Back in time

Hi everyone ?

well tomorrow it will be 10 weeks since my

S T R O K E! 

I have my first consultant appointment next week which I’m hoping will give me some answers and hopefully the green light to return to work the following week. 

I have such mixed emotions about everything but I’m determined to stand up and fight for the fair treatment for all fellow SS returning to work. 

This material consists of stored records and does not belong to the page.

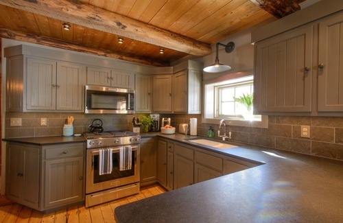 In winter you can relax by the fireplace or in the private back-yard hot tub. In spring, summer, and fall you can lounge and cook outside on one of two sunny and private south-facing back decks (upper and lower) or on the friendly front porch. We've found it to be an ideal vacation home in any season.
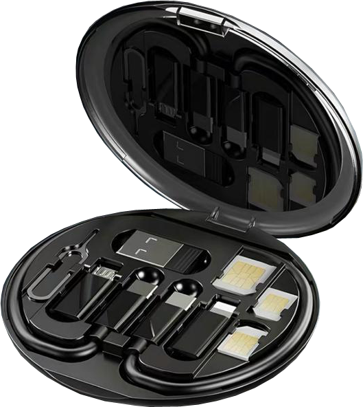 Green Lyca kompaktes Datenkabel Set 2x USB-C, 1x Lightning, 1x Micro USB, 1x USB, 1x SIM-Stift & 3 Fächer für SIM Karten
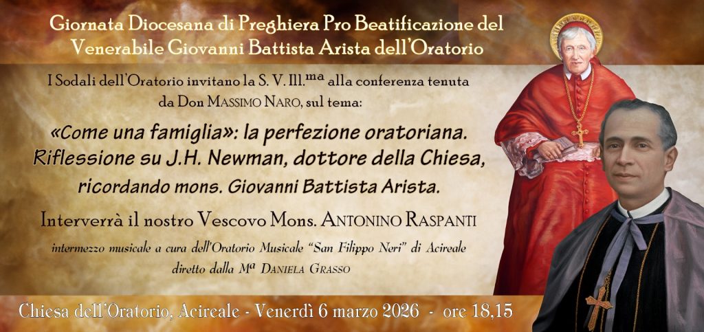L’incontro metterà in dialogo la spiritualità oratoriana con la figura del beato John Henry Newman, offrendo una chiave di lettura attuale del carisma vissuto da Arista. Interverrà anche il vescovo di Acireale, mons. Antonino Raspanti. La serata sarà arricchita da un intermezzo musicale a cura dell’Oratorio Musicale “San Filippo Neri”.

I know opinions are circling already around work and questioning my compenancy! I don’t and won’t know the full extent of my capabilities unless I try. I feel angry that others are making assumptions with no real idea what I have been through or how I feel inside. Like many others of you will understand only a SS will truly understand. I want to try and see how much I can cope with to see how I get on, to see what I retain and how much I can remember. I feel as long as my employer supports a slow return I have every chance of returning successfully. I refuse to let the stroke beat me and ruin my life. I need to keep going for my own mental state, for my children, but most of all for me. I feel so incredibly lucky to be alive and I need to make the most of it. I still get terrible fatigued mostly late afternoon/evening but I care and cook for my family I do all the things o did before (almost) although slower. I do feel I start to slur slightly if I’ve been talking too long in conversations but I know it’s still early days. 

Thank you to all of you who support and comment without you all well I don’t even know. I hope my post makes sense. Happy Friday 

Hi Sam15,

Your post makes perfect sense. You don't mention your age but if you are of working age, it's only natural that you want to get back working. It can be done but expect it to be challenging - it took me four and a half years to find acceptable employment and I saw a great deal of the hidden attitudes you mention - one job excluded me because I could not drive and they only had one office to work at. I have been commuting and working full time now for almost four years. I regard it as a great success but it has physically and sometimes emotionally taken its toll.

Like with much of life after stroke, take getting back to working one day at a time - you're not the same as you were pre-stroke. Your employer has a legal duty to make reasonable adjustments. No-one can predict how well you will perform in your job - not even you. You can only give it your best effort.

I was successful in my return to work - running multiple projects simultaneously and travelling solo internationally. There have been times when I didn't listen to my body or behaved in unconventional ways but I got through them all. You can too.

Keep fighting the good fight,

Damian

 

 

Hi, well done on 10 weeks!  Its quite early to be thinking of returning to work but it depends on how you feel, what you don't want is to go back to soon and then have to go off again because you have pushed yourself to quickly.  I had my stroke in August 2017 and I was a full time teaching assistant,  I was all for getting back within weeks like yourself but it was a full school year before I returned, I went back in Sept 18 for two mornings a week for the first term and since the New Year I have been doing 9.30-2.30. I do get tired but think I will cope.  What I am trying to say is take it slowly.  I have an amazing head teacher, I can stop if I need a break, and as I can no longer work in the classroom due to the volume of noise and number of children I have been given my own little area where I work with small groups of children.

The stroke fatigue will allways be there with good days and bad, my worse time is the supermarket shop!!!  I try to avoid on line groceries as I do have to push myself to go out.

There are lots of lovely people on this site, who are ready to listen and help if we can.